It could have come straight from the pages of an Agatha Christie novel. An attractive young woman leaves the big city and starts a new life on an idyllic holiday island. Outgoing and vivacious, she has a string of affairs with local men.

Two years later, 29-year-old Janelle Patton is found dead, hacked to death by an unknown assailant, her body dumped at a cliff-top beauty spot. The murder case has transfixed Sydney, Patton's home town, a city which thrives on scandal and innuendo. Despite an exhaustive police investigation, the killer has not been caught.

Much of the fascination with the murder is tied up with the dark history of far-flung Norfolk Island, where Patton was killed.
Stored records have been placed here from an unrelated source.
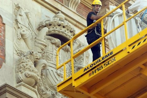 La pintura representa la llegada de Colón a Barcelona y su audiencia con oos Reyes Católicos. Borrar la historia con la excusa de que fue cuando la extrema derecha. Como con Felipe V.
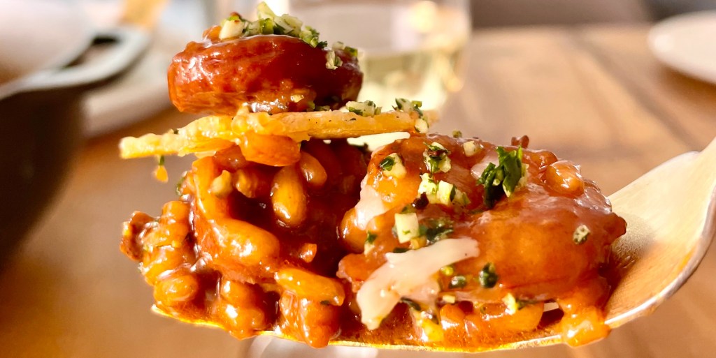Receta completa de risotto de camarones, chorizo, tomate seco, manchego y gremolata.
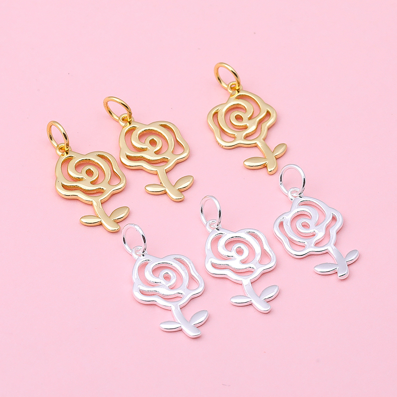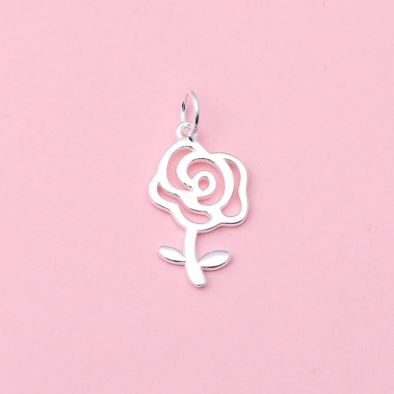 手链项链挂件坠子 925纯银镂空玫瑰花吊坠 手工diy串珠材料配件
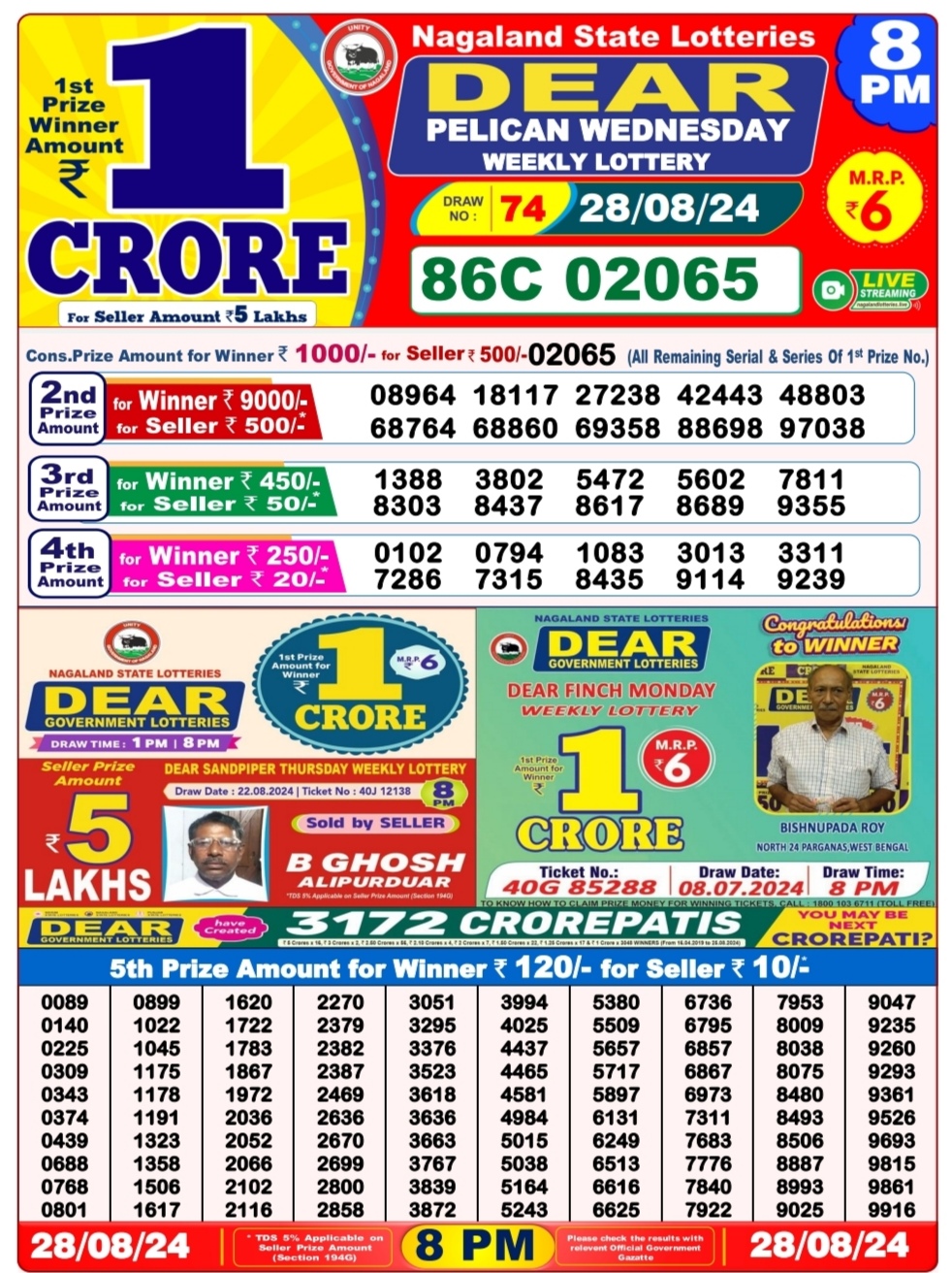 Dear 1pm lottery result 28-8-24
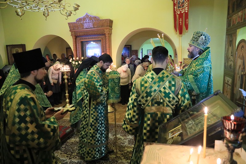 Преосвященнейший владыка совершил причащение и поздравил настоятеля и приход с днем небесного покровителя их храма. В архипастырском слове епископ Симон напомнил о духовных подвигах святой Ксении и о важности нам христианам обращать свои молитвы ко святым Божиим угодникам.
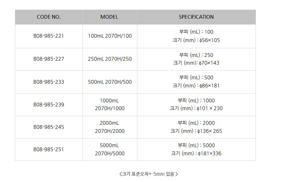 재질 : 본체 / 붕규산 유리, 캡 / 씰 링 / PP (폴리 프로필렌)

In the 19th century, the British used the volcanic outcrop, which lies 1,600km northeast of Sydney in the South Pacific, as a penal colony for their most hardened convicts.
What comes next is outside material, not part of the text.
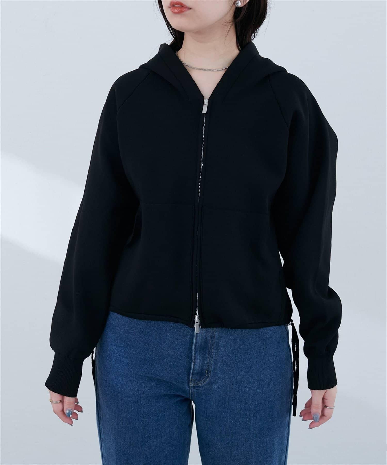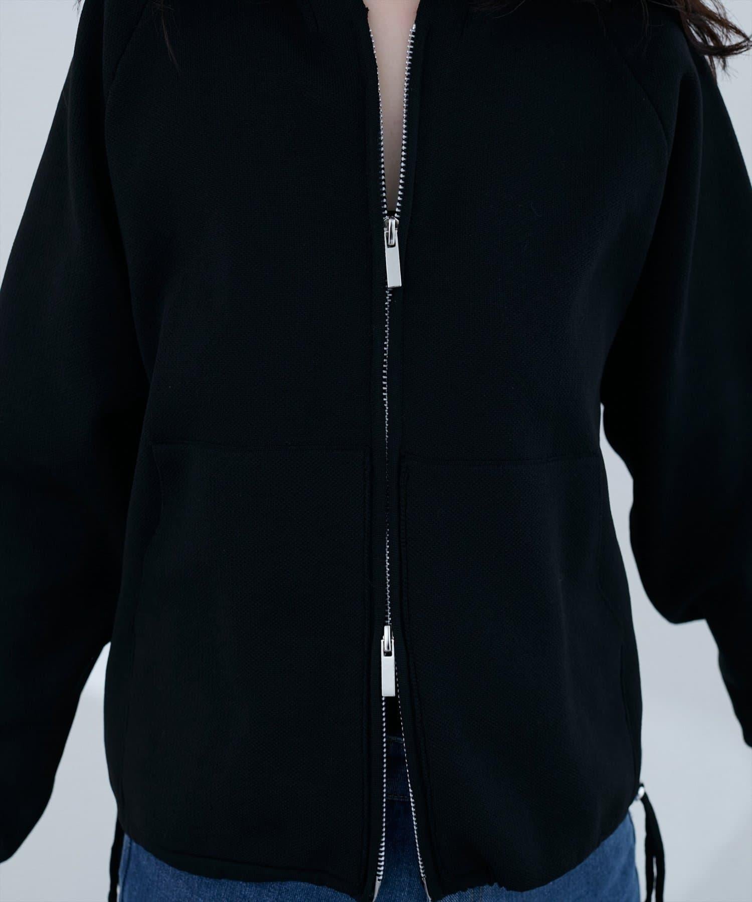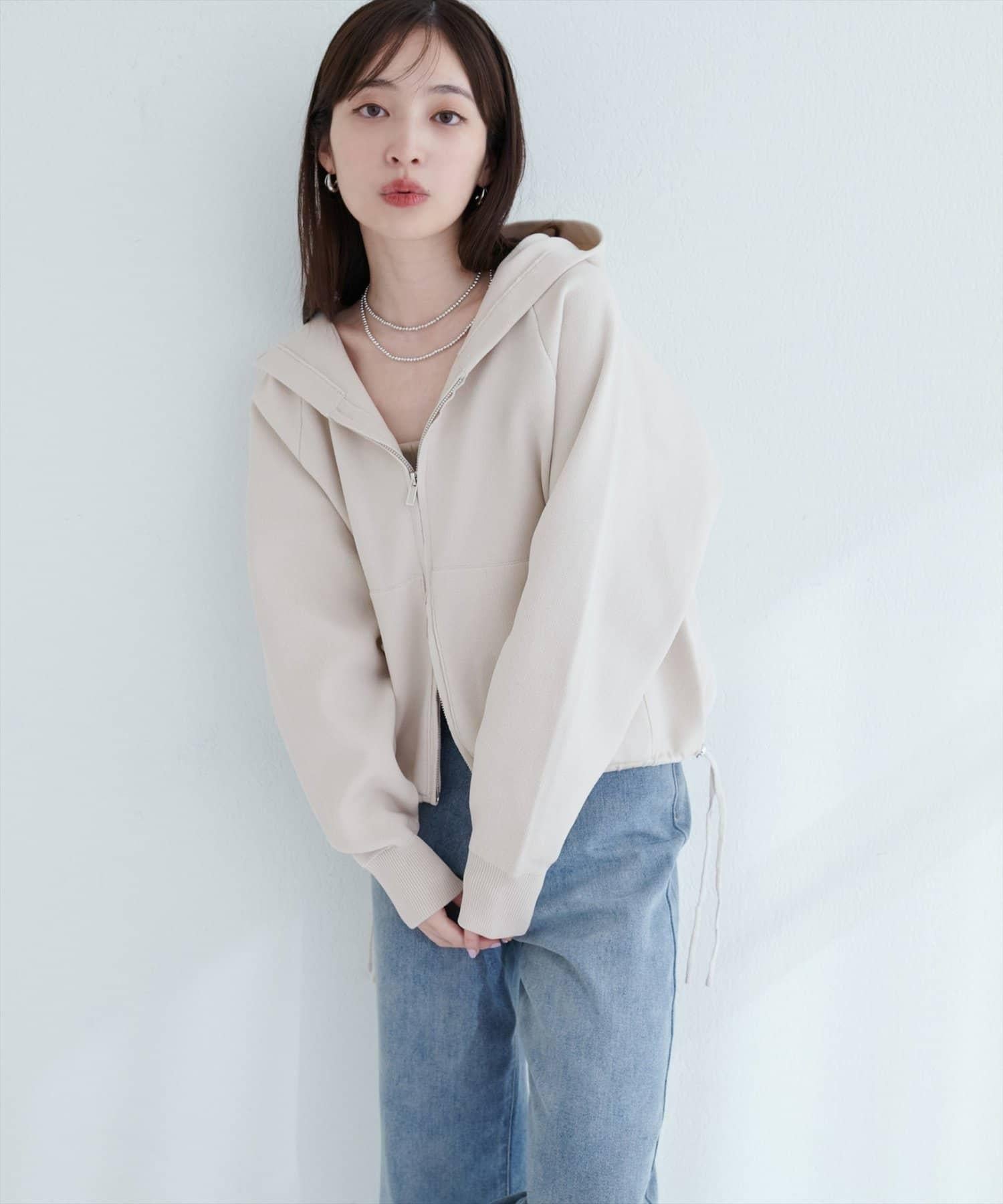 兩側的抽繩和袖口的羅紋設計凸顯了利落的輪廓。

It acquired a reputation for barbarity and cruelty, 'a place of the extremest punishment short of death', in the words of one colonial official. Later, it was populated by descendants of the Bounty mutineers, 200 of whom were moved from their cramped home on Pitcairn Island, another tiny dot in the Pacific, in 1856. Even today, about one-third of Norfolk's population is descended from the mutineers.
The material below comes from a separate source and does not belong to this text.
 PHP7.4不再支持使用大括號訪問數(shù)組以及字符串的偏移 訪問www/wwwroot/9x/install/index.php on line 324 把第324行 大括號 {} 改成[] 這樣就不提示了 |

They are famously secretive, and speak to each other in a strange patois which combines Polynesian words with 18th century English. It was against this backdrop that Patton arrived in 2000. She found work in the tourism industry and began a series of relationships with local men.

On Easter Sunday, 2002, she went for her daily stroll through the rolling hills. It was the last time she was seen alive. Her body, found wrapped in plastic, bore the marks of a desperate struggle, including a 15cm stab wound to the chest and 63 other injuries.

The murder sent shockwaves through Norfolk's close-knit community. It was the first violent killing in nearly 150 years. Police were called in from mainland Australia, and hundreds of locals and tourists were fingerprinted. Detectives failed to find a match to clues found at the murder site. A reward of A$300,000 (HK$1.7 million) also failed to help solve the mystery. Last month, after three days of exhaustive evidence, an inquest recorded an open verdict.

In the latest twist, however, an Australian politician has claimed that police know the killer's identity but cannot arrest the male islander because of a lack of proof. The authorities are considering reopening the inquest. In the meantime, the rumour-mill continues, with speculation that Patton was killed either by a spurned lover, or a jealous wife or girlfriend.